Since starting operations nearly 10 years ago Virgin America has relied on its brand image and self-proclaimed “premium” levels of customer experience to drive higher yields on fares. This approach has come into the spotlight again this week as the company filed paperwork with the US Securities & Exchange Commission to pursue an IPO. Included in the 100-plus pages of mostly financial data are some revelations on how Virgin America sees its position in the market vis a vis the passenger experience, as well as what is – and, more importantly, is not – expected in the future.
On the inflight seating front Virgin America recognizes that its once significant lead on the competition has eroded. While the company mentions several times in the S-1 filing that it offers “compelling passenger comfort features” and three classes of service within the domestic market it is also clear that the competition is not idle. The filing notes that “American Airlines, Delta Air Lines, United Airlines and JetBlue Airways are increasing the quality of their seating and on-board amenities in some of the routes where they compete with us, making it more challenging to attract passengers who are loyal to those airlines.”
Much of this improvement comes in the transcon market where the battle for premium passengers has increased significantly in the past year. This market is also key to higher yields, something which Virgin America has been growing but where an eroding competitive stance will likely cause some reductions on the revenue and yield front. With no mention of improvements to the inflight hard product it appears that Virgin America is going to face that risk straight up at this time rather than move to introduce a new seat.

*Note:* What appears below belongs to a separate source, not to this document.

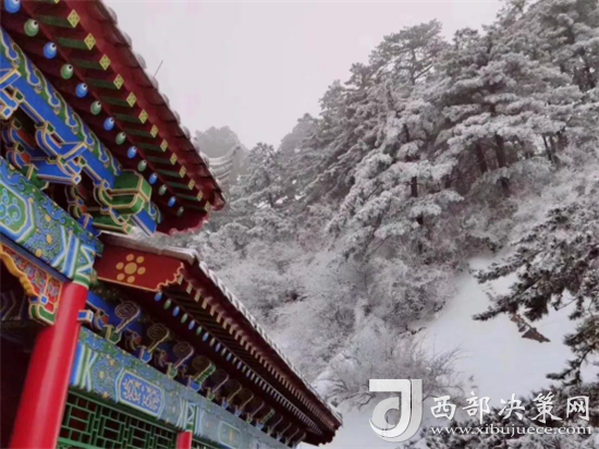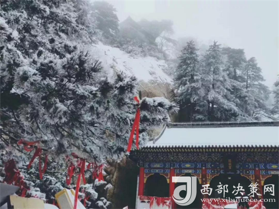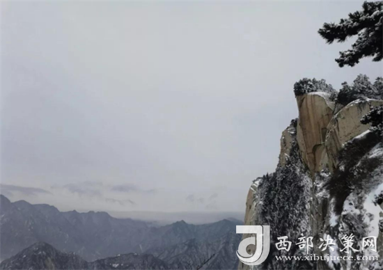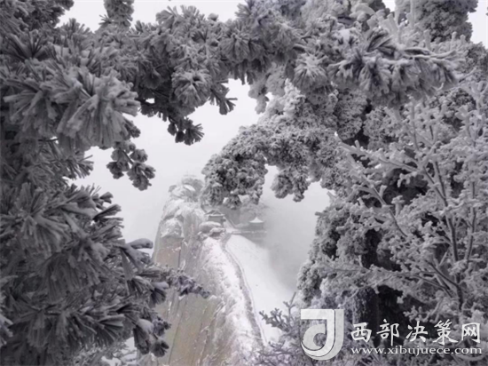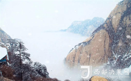 白雪與蒼翠的華山奇松、靈動的云海交相輝映,

Red, the carrier’s inflight entertainment system is the backbone of its passenger experience offering. The system combines TV, movie and audio offerings with a food and beverage ordering platform, a feature the company describes as a “key component”, and indeed something it has attempted to patent. As part of the planned upgrades in the next 18 months Virgin America intends to upgrade the software platform which runs the Red system as well as to introduce new monitors which will provide “swipe” touch capabilities. Improving the system performance and interface should make customers happy while also easing the process by which customers can spend money through the system for premium content or dining options. Increasing the ancillary income will remain a significant aspect of the carrier’s growth.
Not mentioned in the filing was the carrier’s previously discussed full revamp of the IFE platform to support wireless streaming to both in-seat screens and passenger PEDs. While that may still show up eventually it is not mentioned in the filing so expectations should remain low that any visible progress will be made on that front in the coming year or two.